Friday, November 2, 2012

Who Changed My Bible?

This Sunday is All Saints’ Sunday. Let me be the first to say (because we aren't there yet) 'Happy All Saints' Sunday!' All Saints' Sunday, and the raising of Lazarus - the gospel lesson appointed to the day - means to bring to the fore of the Church’s attention the resurrection hope.

It is interesting (if obvious to preachers) to note that, before the inclusion of the Revised Common Lectionary, officially adopted by the Episcopal Church in 2006, the Prayer Book readings assigned for the Feast of All Saints’ were either the sermon on the Mount, the Beatitudes (“blessed are the pure in heart”) from Matthew’s gospel or, alternately, what is sometimes called the sermon on the Plain from Luke’s gospel. With the adoption of the RCL in 2006, however, these readings are now each read once every three years (not every two), with the raising of Lazarus added into the three year rotation as reminder of our mortality and that “because Jesus was raised from the dead, we, too, shall be raised.”
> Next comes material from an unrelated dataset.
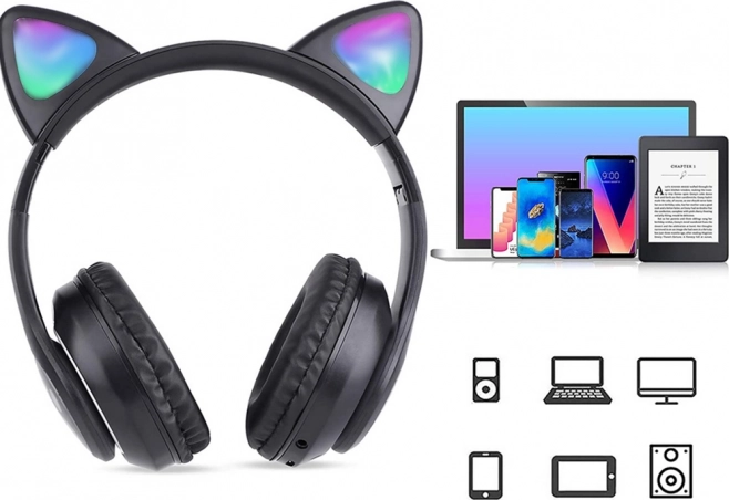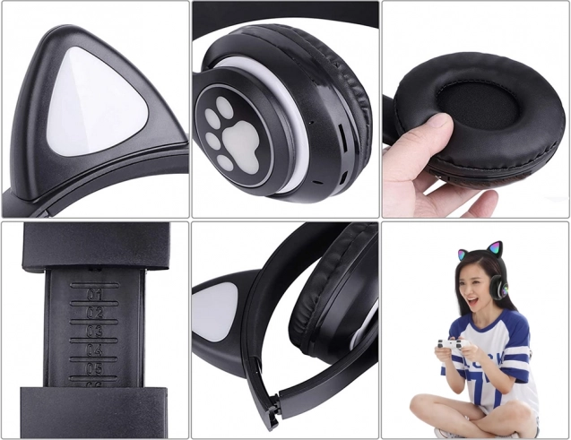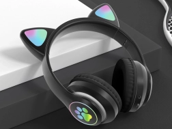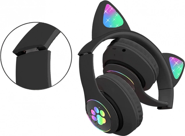 Căști wireless stilate cu urechi de pisică și iluminare RGB LEDconfortul, sunetul de calitate și funcții multifuncționale. Suportă Bluetooth 5.0, redare de pe micro SD, au radio FM și microfon încorporat pentru apeluri hands‑free. Pernele moi și construcția ușoară, pliabilă, asigură confort chiar și la ascultare prelungită.

For those of us who grew up accessing All Saints’ Day from the vantage of Jesus’ teachings on holiness, the shift is substantial and still a little strange - this reading from John’s gospel is read mostly at funerals. Make no mistake, the Christian life of holiness is still central to the day, but John’s gospel asks us to begin the question of Christian living at the place of death and dying: Jesus and Mary and Martha in grief at the tomb.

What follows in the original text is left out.